I’ve been fighting with shared memory alot these last days. It seems shared memory is a bit unstable. For example, in one kernel I allocate an array of a struct in shared memory, same size as the number of threads in a block, if I add a member to the struct which I dont have to even touch, compilation goes fine but ones I run the software, It crashes my computer and I have to restart. Output struct is allocated in shared memory and passed as reference to the function argument.
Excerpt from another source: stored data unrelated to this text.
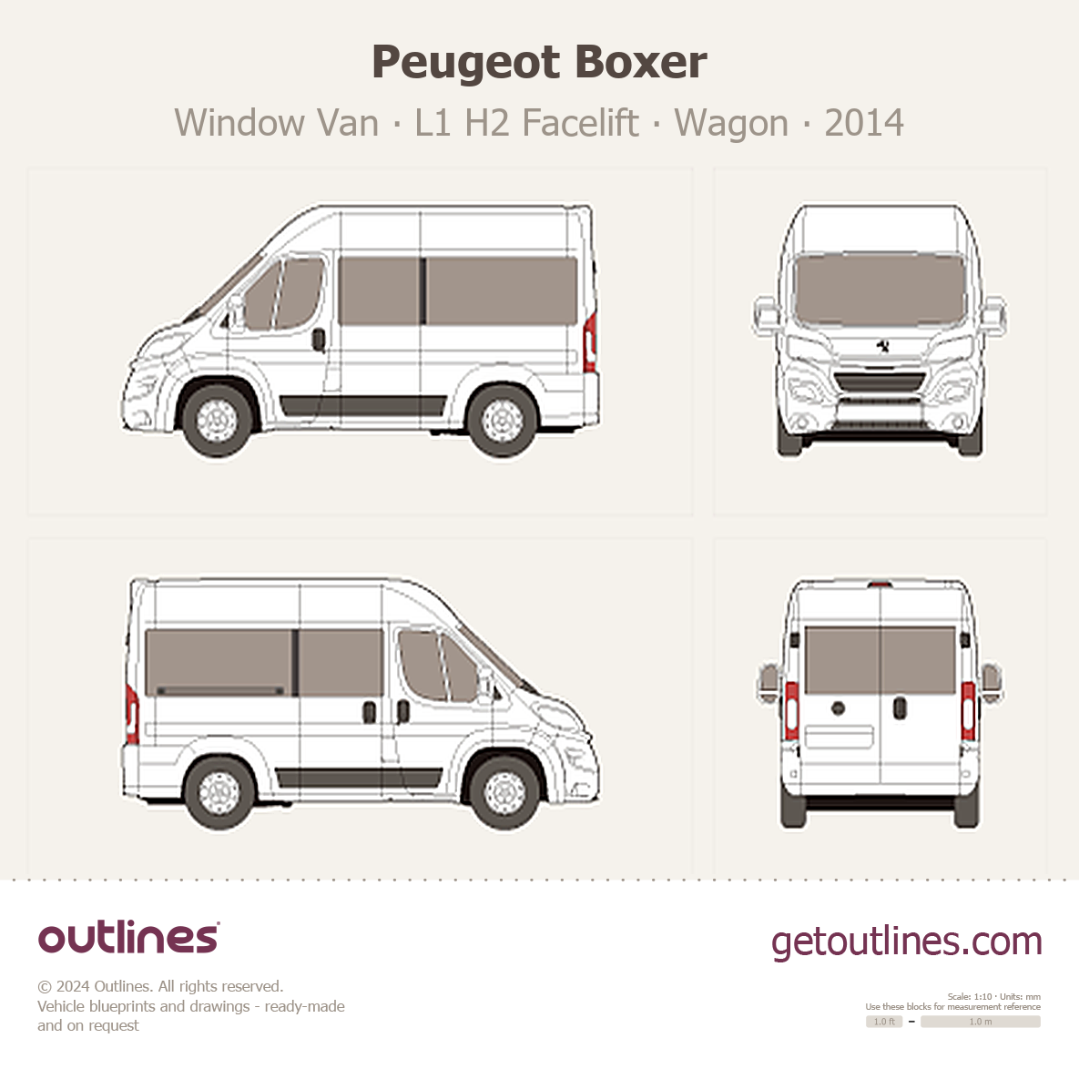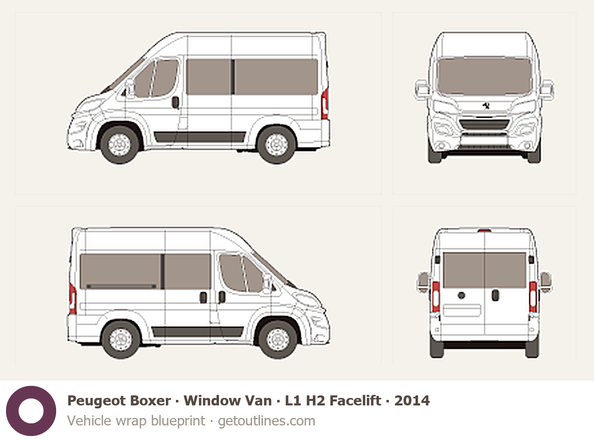 This 2014 Peugeot Boxer Window Van L1 H2 Facelift Wagon blueprint helps designers, wrap studios, and 3D artists simplify their workflow and save valuable time for creative work instead of routine tasks.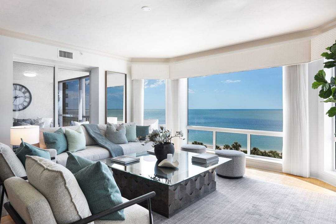 Like a rainbow, the beauty and radiance of this stunning home will take you by surprise. A gorgeous picture postcard of the gulf and beach with endless cascading waves is on view from all of your beachfront windows and lanais. Generously sized at three bedrooms with multiple dining areas and in pristine condition, you and your loved ones will enjoy the ultimate Naples lifestyle. The primary suite boasts two walk-in closets, its own lanai and an oversize spa-like bathroom. Situated in the exclusive gated enclave of Bay Colony at Pelican Bay, the Biltmore will soon be the resort condominium of choice as it unveils its beautiful new pool deck that leads you directly to the sand. Or you can indulge further by strolling over to the members-only Beach Club and Restaurant or one of Bay Colony's private tennis courts. As a resident, you will also enjoy all of the fabulous amenities of Pelican Bay, including two additional beachfront restaurants, a host of water activities and an active community center. Hesitation will not win this season-ready exceptional residence, because like a rainbow it will disappear.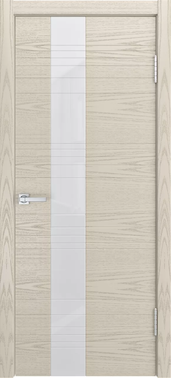 Дверь ID-HL ДО имеет каркасно-щитовую конструкцию с фрезерованной поверхностью полотна. Модель остеклена лакобелем и покрыта натуральным шпоном ясеня или дуба на выбор.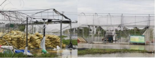 海南省农科院永发基地附近蔬菜大棚 15亩,大棚受损严重,甜瓜、苦瓜、黄瓜、叶菜均受到较大程度损毁。建议:加固温室大棚的地基,加固棚体,防止后续灾害发生。及时扶苗理蔓,尽量不要损伤根系,适时培土护根。及时清除病株、死株、老叶等。及时冲洗叶片上喷溅的泥土,避免影响光合作用。适当追施磷酸二氢钾叶面肥,加强病虫害防治。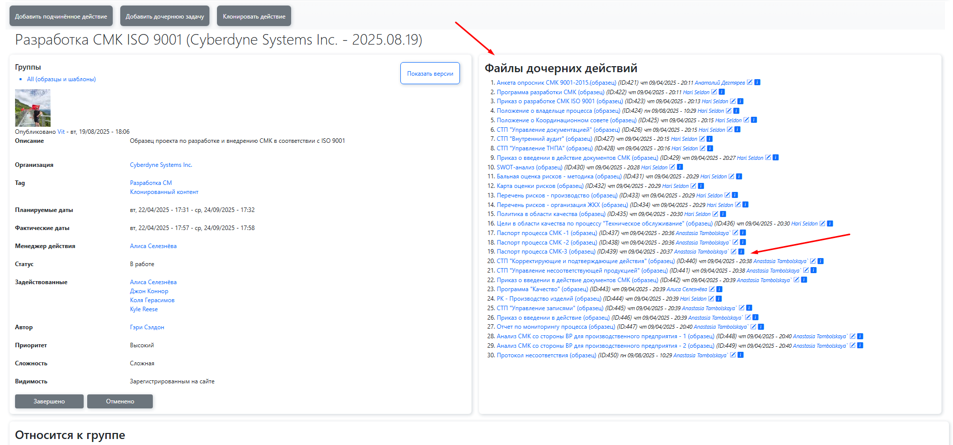 Хранение и управление файлами: Все файлы хранятся с версионностью — вы можете просматривать историю изменений, редактировать и клонировать документы внутри группы. Возможность использования файла в нескольких материалах группы различных типов (действиях, статьях, контактах, тегах и т.д.). списка файлов дочерних действий на странице родительского действия с возможностью использования в всплывающих окнах таблиц изменений каждого из файлов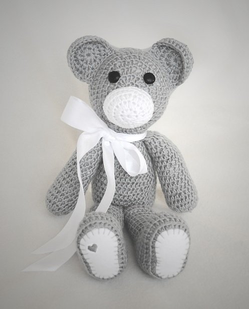 Leoś ma ok.30cm wzrostu i szare umaszczenie. Dodatkową ozdobą misia jest małe szare serduszko na stopie i biała szeroka wstążka. Misia wykonano z miękkiego akrylu i filcu, wypełnienie to puch antyalergiczny. Doskonały na prezent lub jako ozdoba pokoju dziecięcego. Miś nie stoi samodzielnie. 100% handmade :)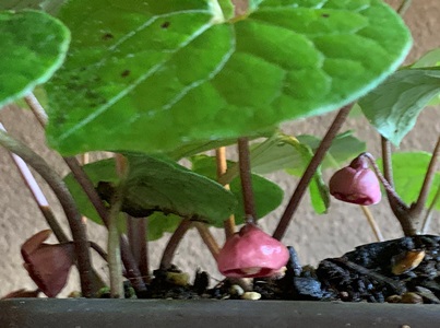 ★下鴨にある宝泉堂に行きました。茶寮になっているのですが、今日は、和菓子を買いに行きました。 店内にかざってある双葉葵は、上賀茂神社のおしるしで、和菓子「賀茂葵」のモデルです。 花がぶら下がるように咲いていました。正確には花ではなく萼片です。 求めた和菓子は、丹波の大納言をハー…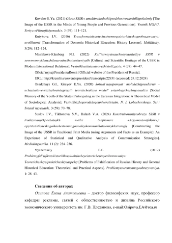 8. 	Ковалев Э.Ю. Образ СССРвумах молодежи и предшествовавших поколений // Вестник МГПУ. Серия “Философские науки”. 2021. № 3 (39). С. 111-121.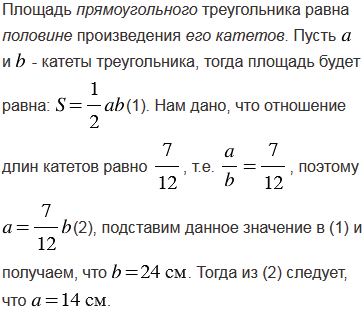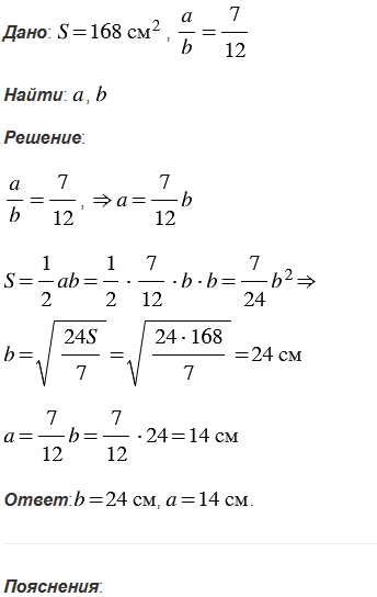 Площадь прямоугольного треугольника равна 168 см2. Найдите его катеты, если отношение их длин равно .
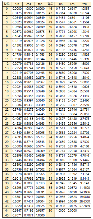 수학이야기/중학수학3 2023. 9. 6. 13:02시험문제 낼 때 삼각비표를 첨부하려고 찾다가 그냥 만들어 보았다. 엑셀에서 수식으로 만들고 복사하여 한글에 붙여 넣었다. 엑셀에는 각의 크기를 나타내는 기호 ${}^{\circ}$를 넣지 않았다.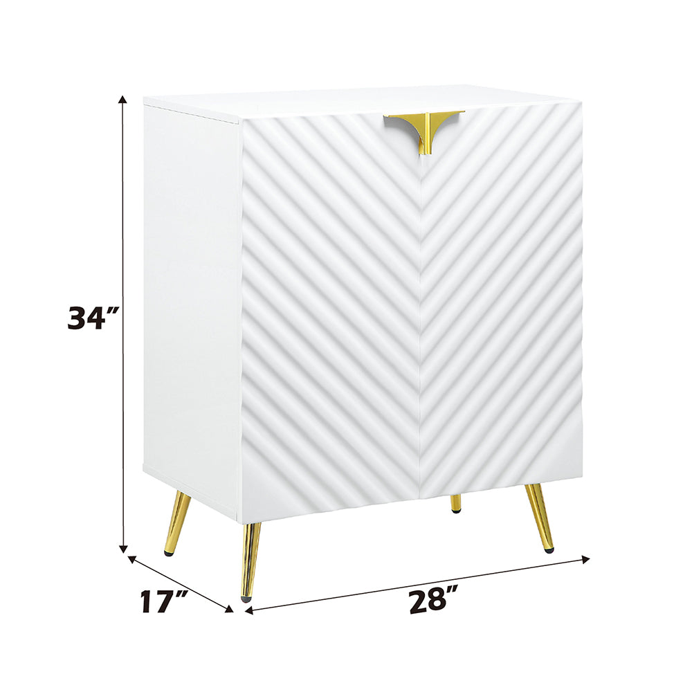 The Gaines Living Rooms Collection is a glamorous and sophisticated grouping that adds a chic style to any room. The white gloss finish and gold metal accents help to accentuate the clean lines of the pieces and add a pop of glamour. The diagonal line design adds visual interest and texture, making each piece stylish.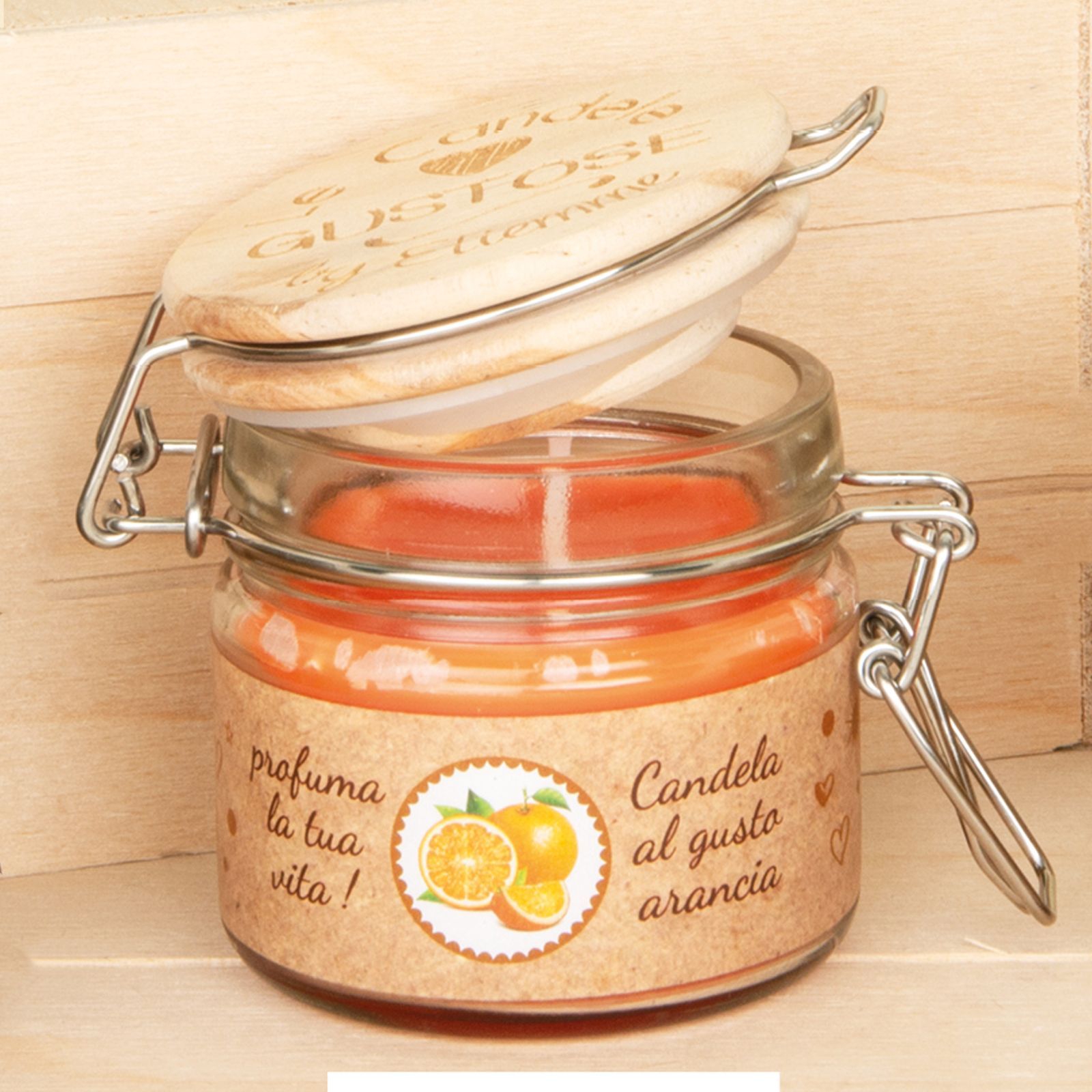 Il barattolino con chiusura ermetica con la scritta "Le candele Gustose" è un'idea originale e particolare per regalare agli invitati alla cerimonia. All'interno, troverai una candela al gusto arancia, che renderà l'ambiente profumato e accogliente.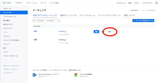 1. ミーティング管理の画面で詳細タブの下部にある「削除」を押してください.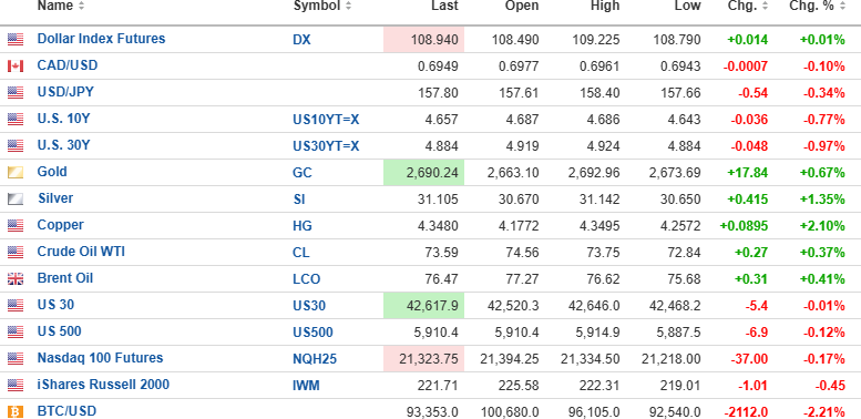 The USD index futures are ahead 0.01% to 108.940 this morning with the 10-year yield down 0.77% to 4.657 and the 30-year yield down 0.97% to 4.884%.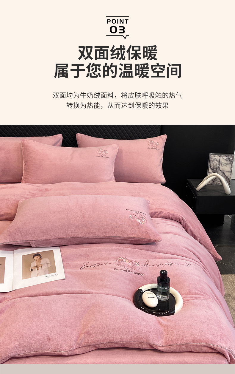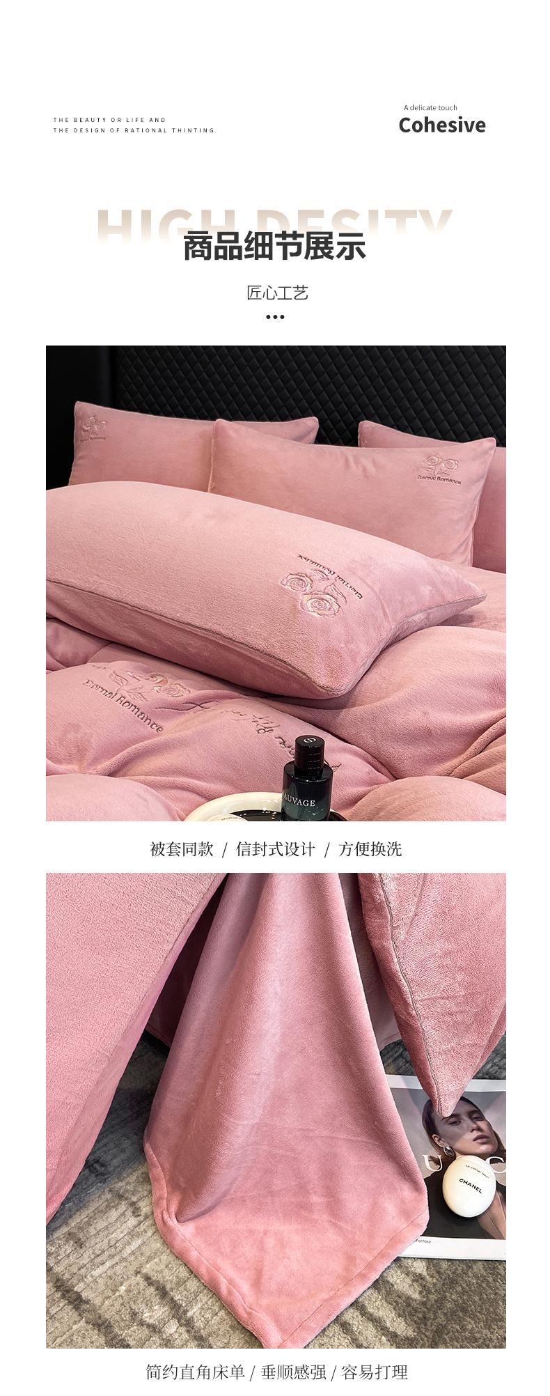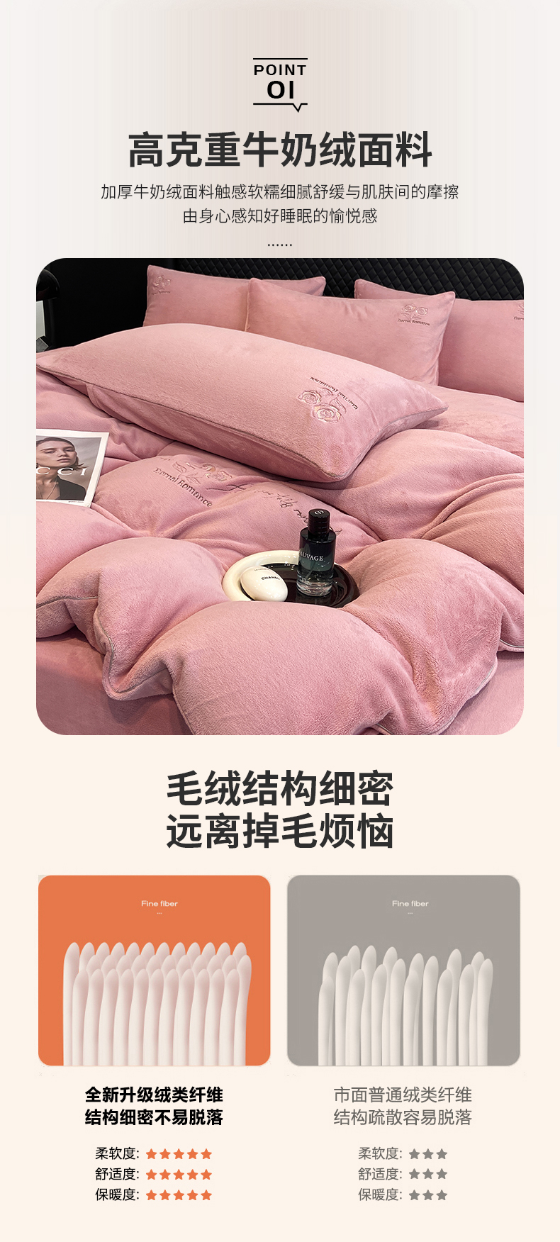 商品名称:家居1号家纺 2024新款230克全工艺牛奶绒四件套 约定 约定-豆沙

I do this because I want to lower register usage and coalesced global writing. ( func is in this case a kdtree raytracer )
[codebox]template <class Input, class Output, class F>
global void PersistentWorker(Input* input, int count, Output* output, F func)
{
int rayIndex = (blockIdx.x*threadHeight +threadIdx.y)*threadWidth + threadIdx.x; __shared__ int nextRay[threadHeight]; __shared__ Output tempOut[threadSize]; if( threadIdx.x == 0 ) { nextRay[threadIdx.y] = rayIndex; } while( rayIndex < count ) { func.Call(input[rayIndex], tempOut[threadIdx.x+threadWidth*threadIdx.y], rayIndex); float* from = (float*)&tempOut[threadWidth*threadIdx.y]; float* to = (float*)&output[nextRay[threadIdx.y]]; for(int i=0; i<sizeof(Output)/4; i++) { int index = threadWidth*i + threadIdx.x; to[index] = from[index]; } if( threadIdx.x == 0 ) { nextRay[threadIdx.y] = atomicAdd(&g_RayCount, threadWidth); } rayIndex = nextRay[threadIdx.y] + threadIdx.x; } }[/codebox]
Also when I tried avoid using an atomic for every iteration by adding the folling code it always crashes my computer.
[codebox]template <class Input, class Output, class F>
global void PW3(Input* input, int count, Output* output, F func)
{
int rayIndex = (blockIdx.x*threadHeight +threadIdx.y)*threadWidth + threadIdx.x; __shared__ volatile int nextRay[threadHeight]; __shared__ Output tempOut[threadSize]; __shared__ volatile int rayCountLeft[threadHeight]; if( threadIdx.x == 0 ) { nextRay[threadIdx.y] = rayIndex; rayCountLeft[threadIdx.y] = 0; } while( rayIndex < count ) { func.Call(input[rayIndex], tempOut[threadIdx.x+threadWidth*threadIdx.y], rayIndex); volatile float* from = (float*)&tempOut[threadWidth*threadIdx.y]; volatile float* to = (float*)&output[nextRay[threadIdx.y]]; for(int i=0; i<sizeof(Output)/4; i++) { int index = threadWidth*i + threadIdx.x; to[index] = from[index]; } if( threadIdx.x == 0 ) { if( rayCountLeft[threadIdx.y] == 0 ) { nextRay[threadIdx.y] = atomicAdd(&g_RayCount, threadWidth*4); rayCountLeft[threadIdx.y] = 3; } else { rayCountLeft[threadIdx.y]--; nextRay[threadIdx.y] += threadWidth; } } rayIndex = nextRay[threadIdx.y] + threadIdx.x; } }[/codebox]
I’ve been using cuda for a few months now and I keep running in to strange bugs all the time that wastes a lot of development time. Am I the only one?
I’ve tried to examine the assembly but so far I’ve found nothing.